Sri Lanka's aim, said Murali, was to bat for a further two-and-a-half sessions, then lay into England with a 300-run lead in the bank. It's the sort of scenario that Collingwood was born to combat. "When you play cricket over here it's a proper scrap," he said, with more than a hint of relish. "We fought hard and put a good total on this morning, but it's been difficult to take wickets. Even so, it's the sort of pitch where you can lose them in clusters, so hopefully we'll put them under pressure."

Collingwood's concentration in the morning was so absolute that he claimed not to have noticed the frisson in the air as Murali circled in pursuit of his 709th and record victim. "To be honest I forgot all about it," he said. "When you're involved in a Test match you're not thinking about records. I was just playing how I normally play, but when the ball hit the stumps and I heard the fireworks going off, I thought that it must be something special."

The ball that confounded him was indeed something special - so special, in fact, that not even Murali knew what he had delivered. "I think I tried to spin it and it stayed straight," he said. "I was bowling with the new ball and it skidded on." Collingwood was gone for a fighting 45, but afterwards he was phlegmatic as he recalled the moment. "It's an amazing feat," he said. "It's not very nice being the victim, but maybe I'll look back at the end of my career and think I'm happy to be the 709th."

Sri Lanka's build-up to this Test had been fraught with rumours of retirements and speculation about impending records, and in a single day's play, two of the hottest topics have been scotched. Having fretted for two days, desperate not to disappoint his hometown fans, Murali can now relax into his role for the second innings. "That's why I couldn't get many wickets in Australia," he joked. "It had to happen here."

Sanath Jayasuriya can also relax. Having confirmed that this is indeed his final stand, he can now expect his darting left-arm spinners to play a critical support role in grinding England down. His explosive curtain-call is sure to be forgotten amid everything else that has gone on in this game, but it was an invaluable demonstration of his unique art.

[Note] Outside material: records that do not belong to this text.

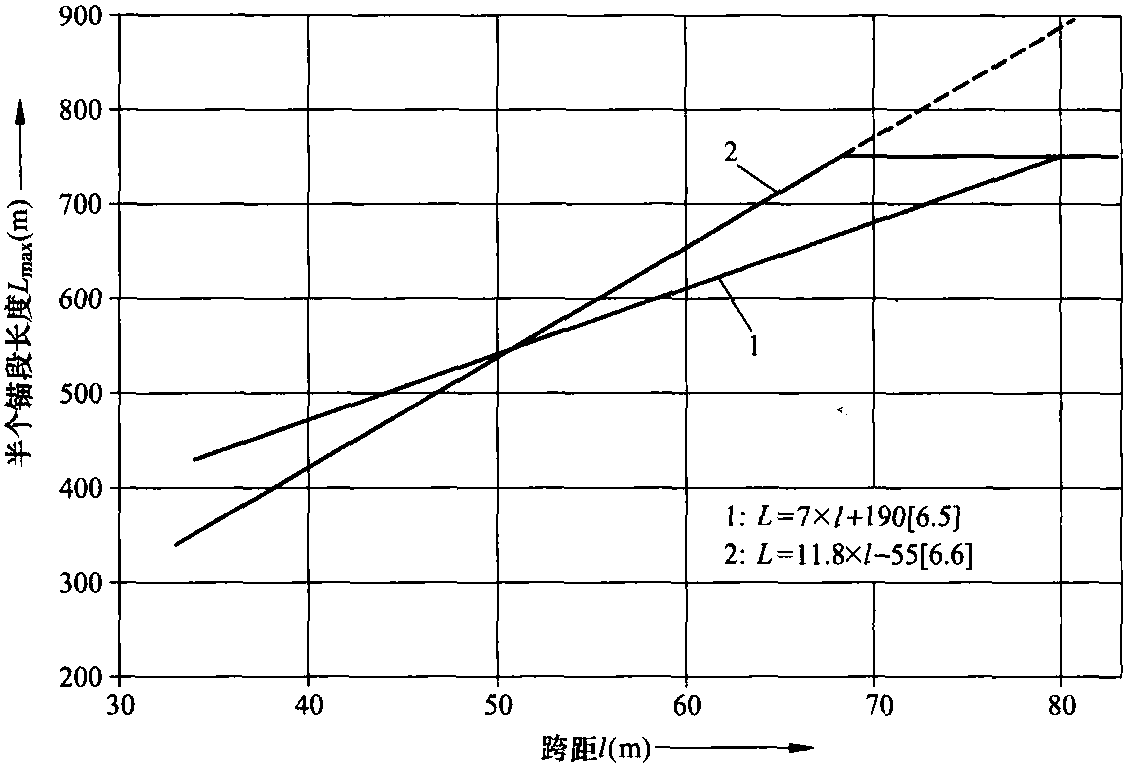 圖6.15 最大允許錨段長度和跨距之間的關(guān)系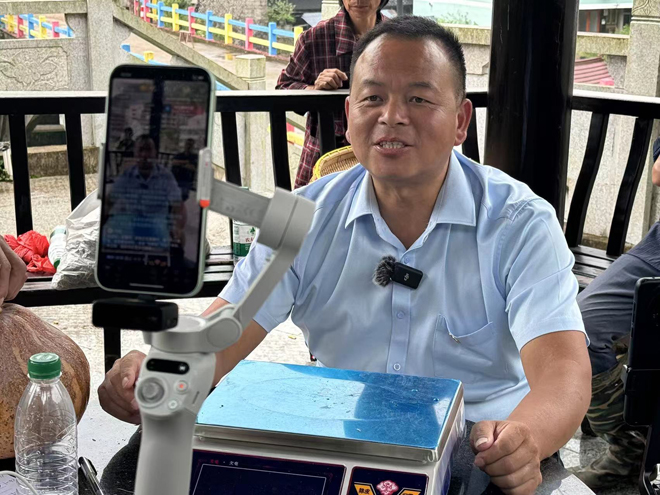 “我普通話不太會(huì)說,只能靠陳書記幫我翻譯,和網(wǎng)友商量?jī)r(jià)格!贝迕裰旄鹉樕下詭呃,用方言與記者解釋道!按髬專芯W(wǎng)友問你今天帶來的這個(gè)苦櫧豆腐干是怎么做的?”陳文廣接過村民的農(nóng)貨,充當(dāng)起村民和網(wǎng)友的“翻譯員”,向網(wǎng)友介紹農(nóng)貨的制作過程、烹飪方法,同時(shí)向村民翻譯網(wǎng)友的問題!芭笥褌儯髬屨f首先苦櫧把它剝出來,再把它磨成粉,之后做成苦櫧豆腐,最后曬干就是現(xiàn)在這樣的成品,一片一片的,這都是她親自做的,沒有打農(nóng)藥,綠色食品!标愇膹V耐心傾聽村民說的每一句方言,生怕落下關(guān)鍵信息,同時(shí)也為網(wǎng)友答疑解惑。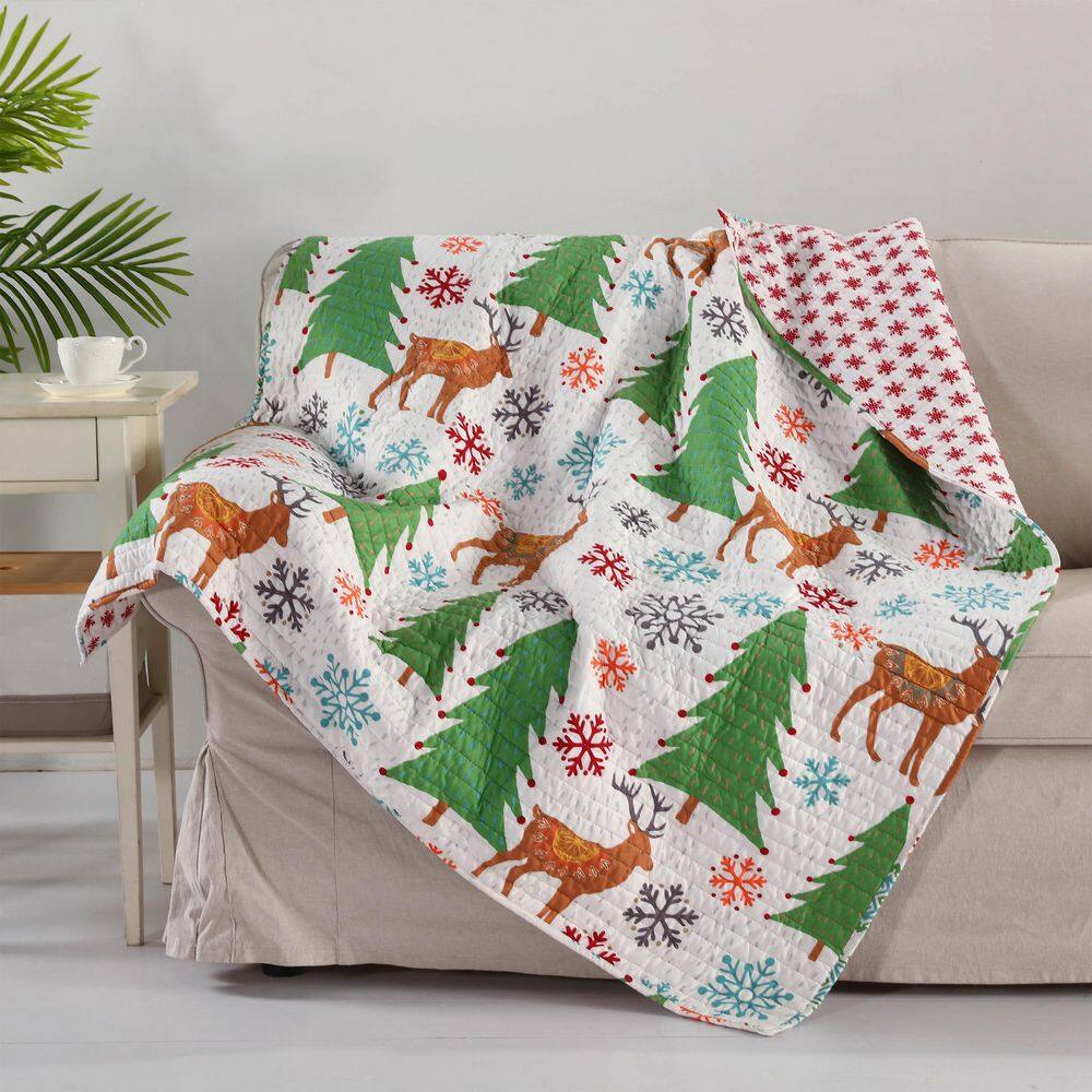 None Tinsel Green Cream Red Reindeer Christmas Tree Quilted Microfiber Throw Blanket

Before becoming his 709th victim, Paul Collingwood defied Murali for an hour and a half and got his side a crucial first-innings lead of 93 © Getty Images

The piece de resistance was his record-equalling over against James Anderson, in which every single ball was clobbered for four - a feat made all the more extraordinary given the sluggish nature of the surface. This was not The Oval in August, the scene of Chris Gayle's similar assault on Matthew Hoggard three years ago. Jayasuriya had to apply the humpty all by himself, and in so doing rather undermined Collingwood's assertion that "you had to scrap for every run".

Nevertheless, not all batsmen are as free-spirited as Jayasuriya, certainly not Sri Lanka's two incumbents, Kumar Sangakkara and Mahela Jayawardene. They will resume tomorrow with one thing in mind - grinding, purposeful accumulation. Murali has his record back, but now all Sri Lanka wants is victory.